**TO DO:**
From the line with "建立标准化评估基准:在模型能" to the end of the data below, restate each line word for word, both ends included, without the pictures.

**DATASET RECORDS:**
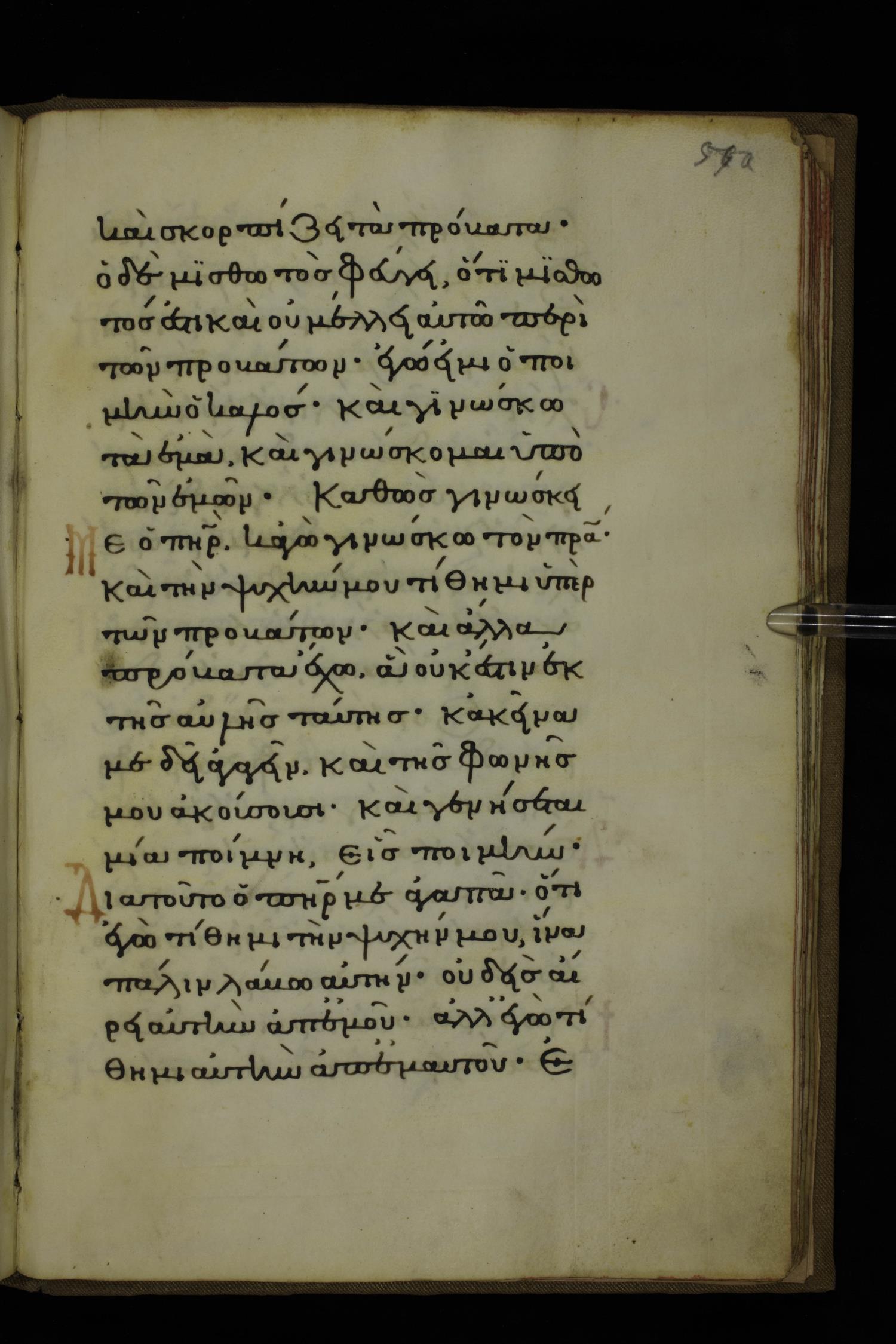 Fourteenth century minuscule of the Gospels on parchment; 332 leaves, 1 column, 20-22 lines per column. Images were taken at the National Library of Greece in Athens.
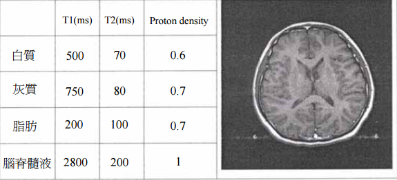 39 在磁振影像中,四個生理組織的參數如下表,則所附影像的取影參數可能為何?
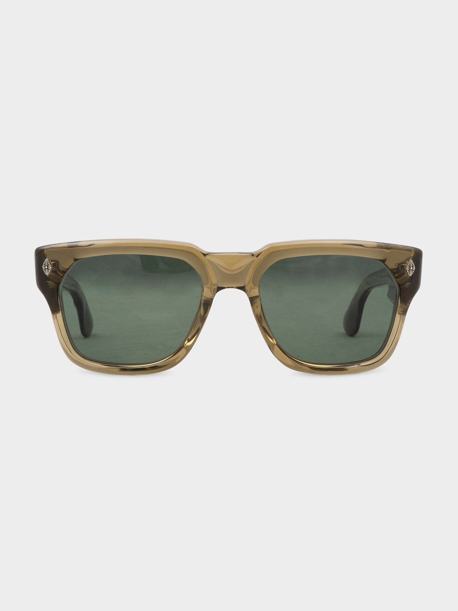 A pair of olive Chrome Hearts Sniffer sunglasses with fully iced out diamond temples.
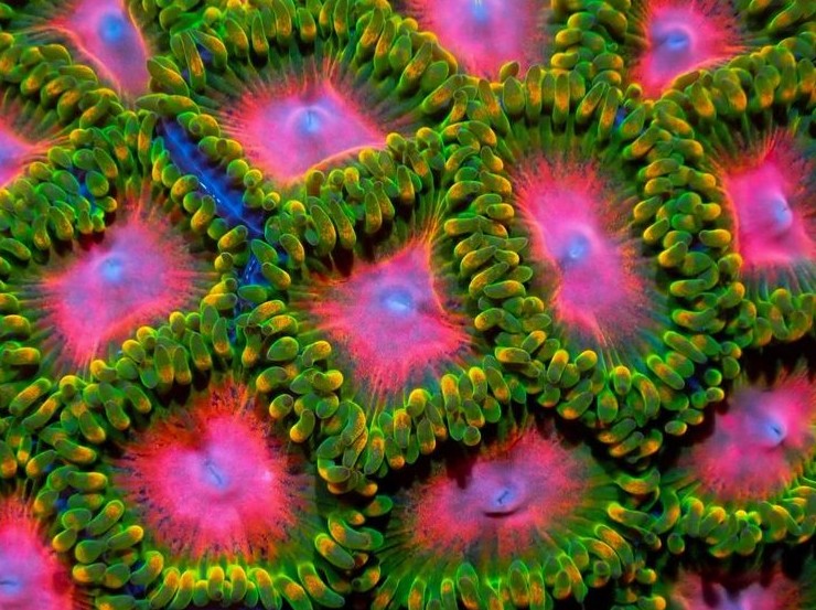 15. Макроснимок потрясающих цветущих зоантидов. Это красочные колониальные полипы, родственники кораллов и актиний, популярные в морских аквариумах
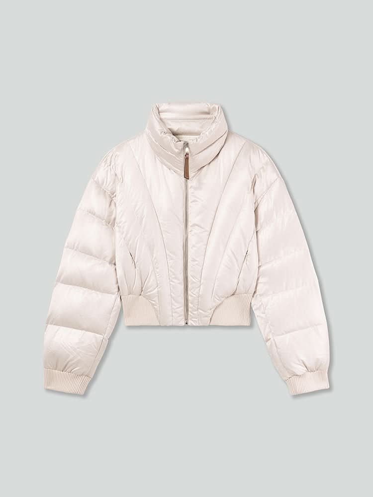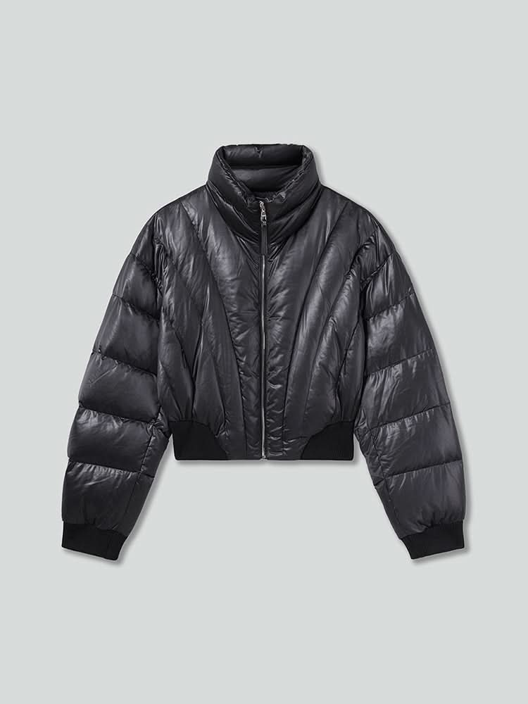 This fabric is made from high-quality Japanese polyester filament yarn. Compared to other yarns of the same diameter and material, filament yarn contains more long filaments, and these filaments are finer, giving the fabric a softer style. It uses unrefined or untwisted raw yarn to create a soft and delicate touch reminiscent of nylon. The overall fabric features a quilted texture with a leather-like appearance, complemented by a subtle sheen. The stylish stand collar, combined with a zip closure, provides dual protection against the wind, effortlessly showcasing a fashionable winter look. The zip pockets on the sides of the jacket create a sleek exterior while enhancing practicality. The finely ribbed cuffs shape the arm line, adding a polished touch.
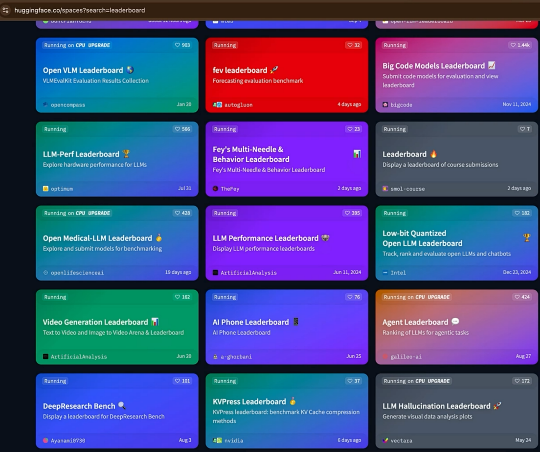 建立标准化评估基准:在模型能力多样且发展迅速的情况下,Leaderboard 通过一套固定的任务和数据集,为所有模型提供了一个“统一考场”,使得横向对比成为可能。
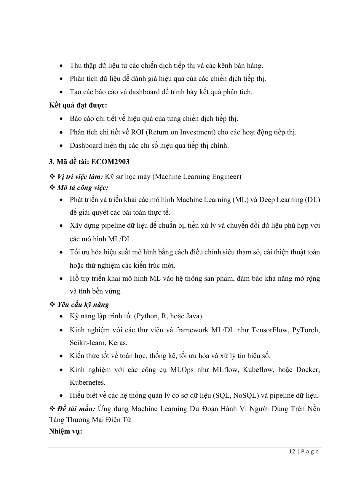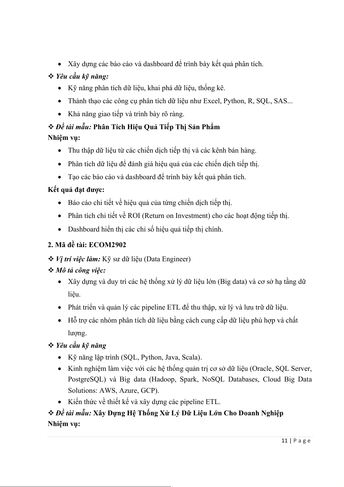 • Nghiên cứu thị trường TMĐT/Phân tích dữ liệu TMĐT • Khởi nghiệp TMĐT

**RESPONSE:**
 建立标准化评估基准:在模型能力多样且发展迅速的情况下,Leaderboard 通过一套固定的任务和数据集,为所有模型提供了一个“统一考场”,使得横向对比成为可能。
 • Nghiên cứu thị trường TMĐT/Phân tích dữ liệu TMĐT • Khởi nghiệp TMĐT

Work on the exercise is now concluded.